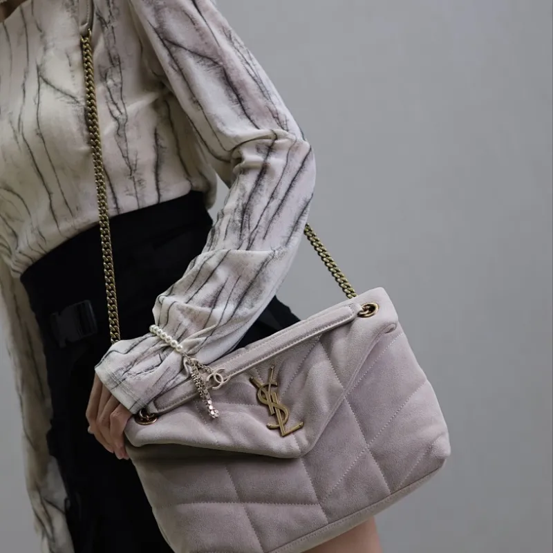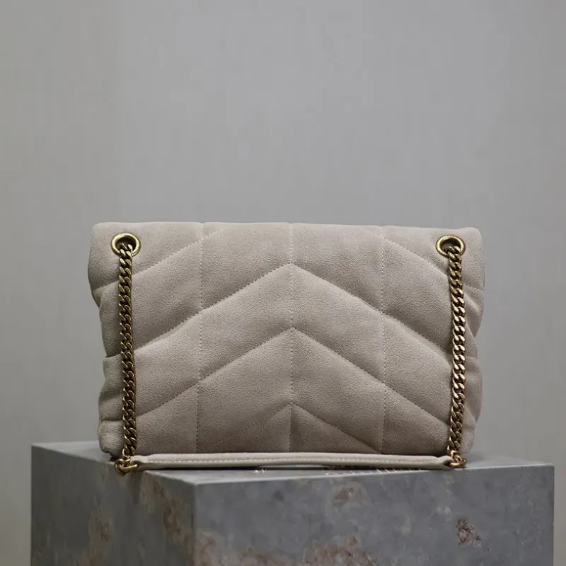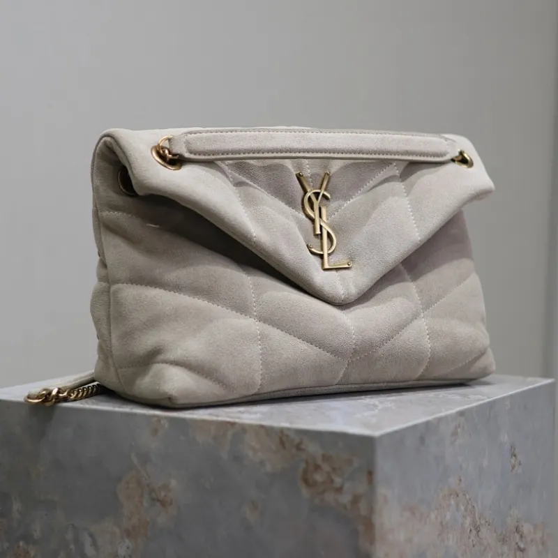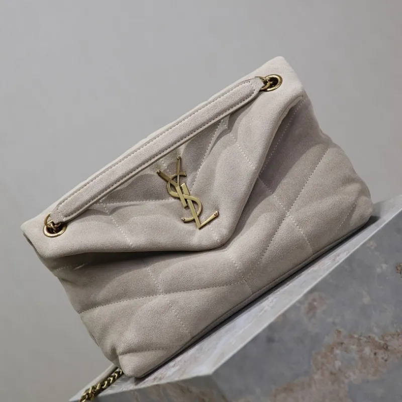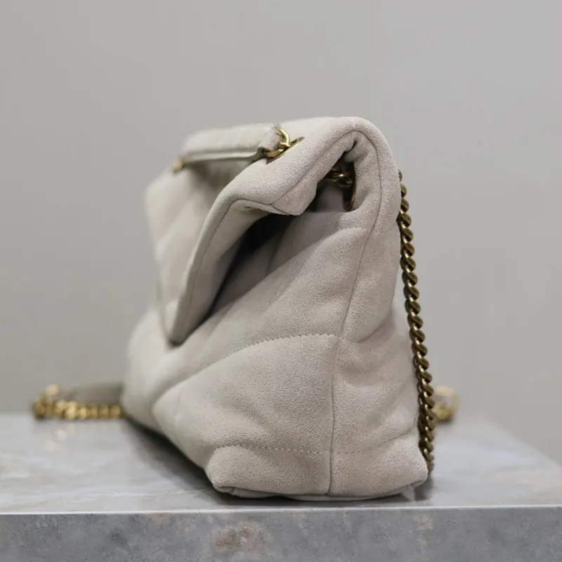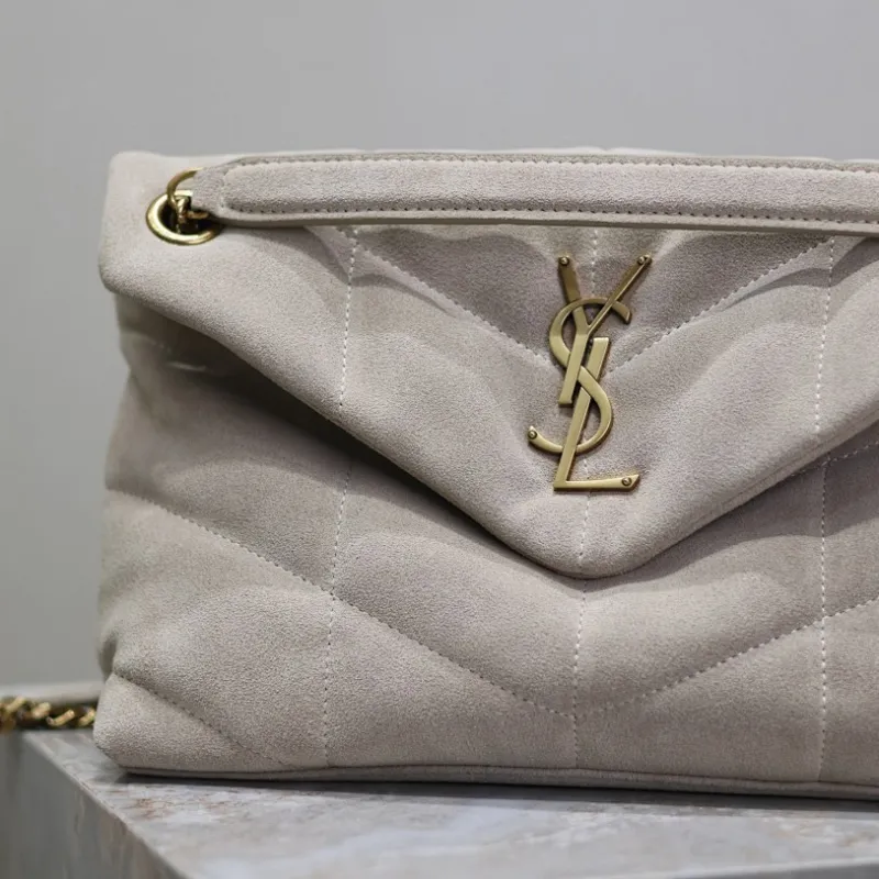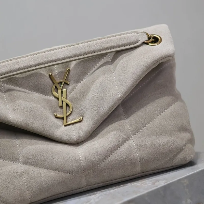 SAINT LAURENT Loulou Medium Shoulder Bag – Light Beige Suede with Chevron Quilt & Gold YSL Logo (Convertible Chain Strap) #A58772
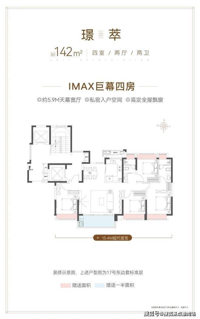 这套建面约142㎡的四房,堪称人生进阶之作。即使是三代同堂,尺度感也是丝毫不虚。
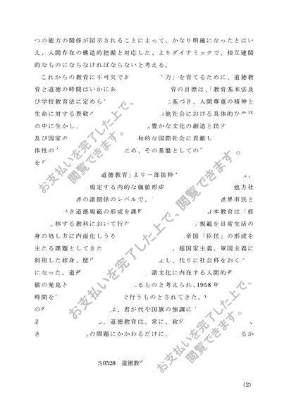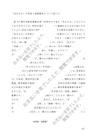 佛教大学 道徳教育の研究 S0528 レポート 合格 A判定 2015 2016
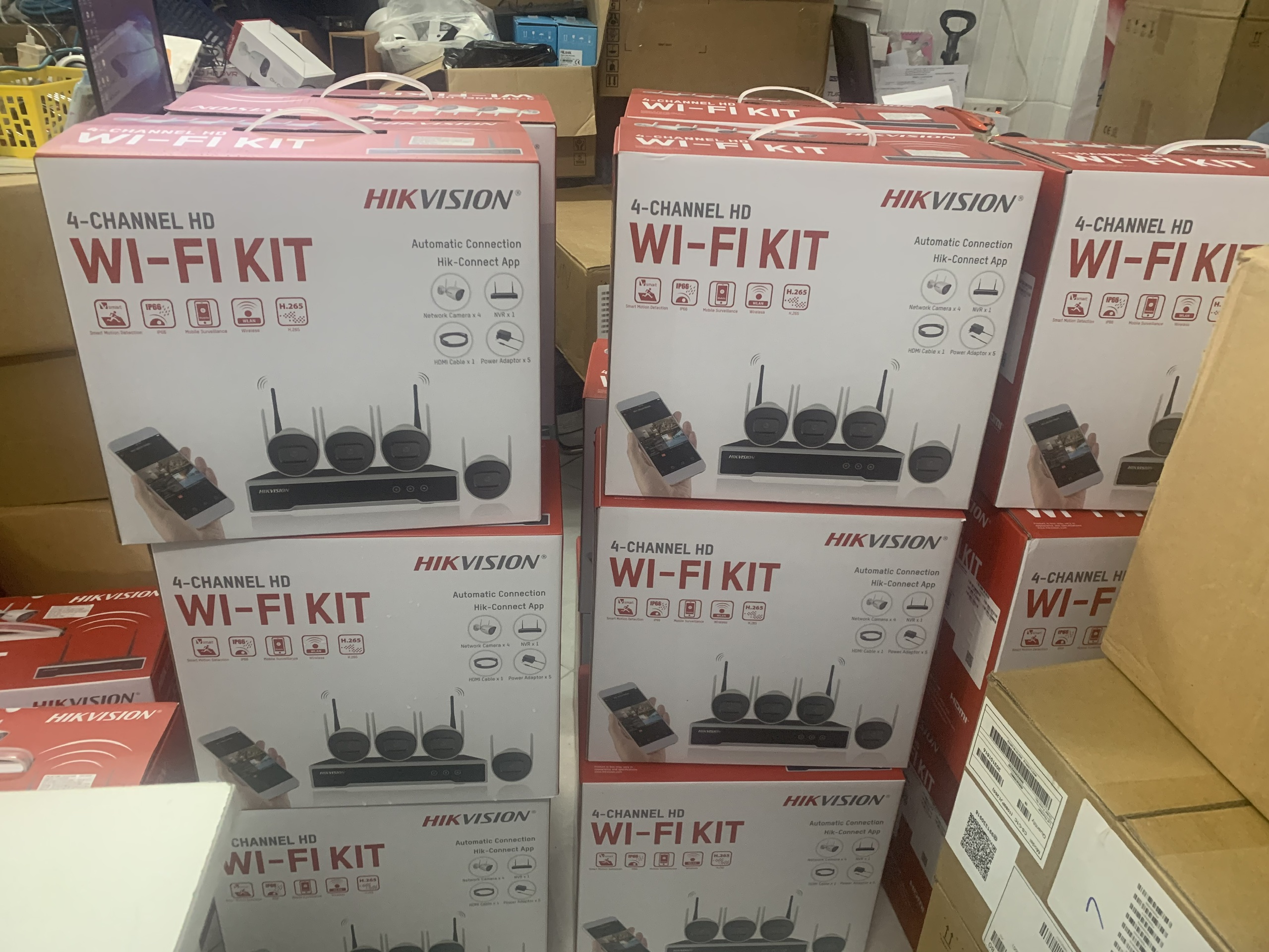 BỘ KIT CAMERA WIFI HIKVISION: Tính năng nổi trội: - Bộ Kit camera IP Wi-Fi chuẩn H.265, bao gồm: 04 Camera IP Wifi, 01 đầu ghi hình camera IP Wifi 04 kênh, adaptor nguồn, dây

■ ■ ■ ■ ■ ■ ■

The answer should consist only of the lines from the one with "佛教大学 道徳教育の研究 S0528 レポート 合格 A判定 2015 2016" through the last line of the material above, copied exactly, with no pictures.

 佛教大学 道徳教育の研究 S0528 レポート 合格 A判定 2015 2016
 BỘ KIT CAMERA WIFI HIKVISION: Tính năng nổi trội: - Bộ Kit camera IP Wi-Fi chuẩn H.265, bao gồm: 04 Camera IP Wifi, 01 đầu ghi hình camera IP Wifi 04 kênh, adaptor nguồn, dây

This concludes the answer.